Nonetheless, Cotter’s Senate Bill 172 passed through the Senate Corporations and Transportation Committee on Feb. 3 in a 7-3 vote and is heading to the Senate Finance Committee.

“I’m an avid supporter (of Spaceport America),” Cotter said. “It will be successful … I just don’t like dishonesty.”

Anderson said the money is essential “because our revenue stream isn’t flowing at the rate (we’d like) because our customers aren’t quite flying at the pace that we thought they would be … It’s just a critical time.”

Despite the recent problems, Anderson points to another Spaceport tenant, Space Exploration Technologies Corp., or SpaceX, that is on the verge of flight testing for its reusable rocket program, something Anderson describes as ”the holy grail of vertical launch.”

SpaceX signed a three-year lease last May in its efforts to get a rocket to return to the launch pad intact for a vertical landing. Most rockets burn up on re-entry in the Earth’s atmosphere.

But, just like Virgin Galactic, SpaceX has not announced a launch date.

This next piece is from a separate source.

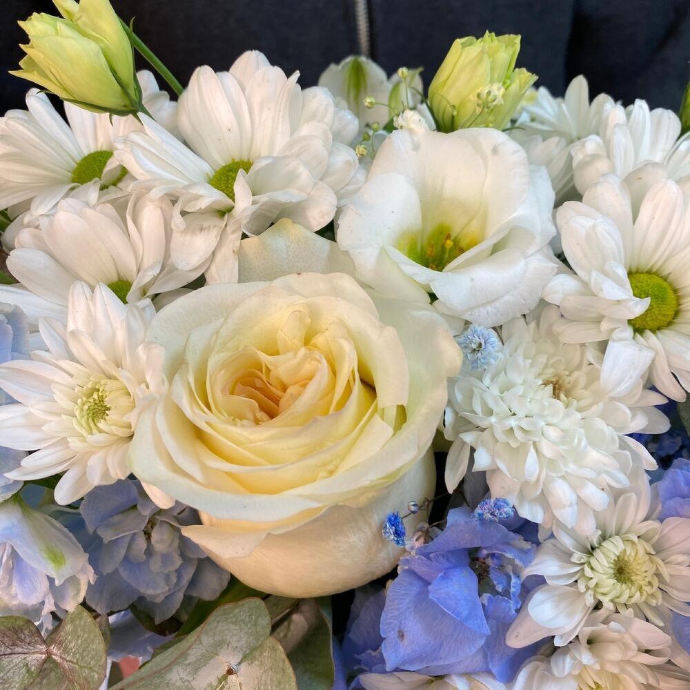 Дельфиниум голубой – 1 шт.Роза Эквадор – 1 шт.Хризантема кустовая – 5 шт.Лизиантус – 2 шт.Эвкалипт – 1 шт.Шляпная коробка с лентами – 1 шт.

“It’s hard to pinpoint a date but I’d say, the next couple months,” Anderson said.

“I just think people have to hang in there,” she said. “It takes a while. Commercial space is a new industry … but it’s going to happen. My hat’s off to — I’m a taxpayer too — the people of New Mexico to take this leap and build a commercial spaceport here and I think it’s going to pay off.”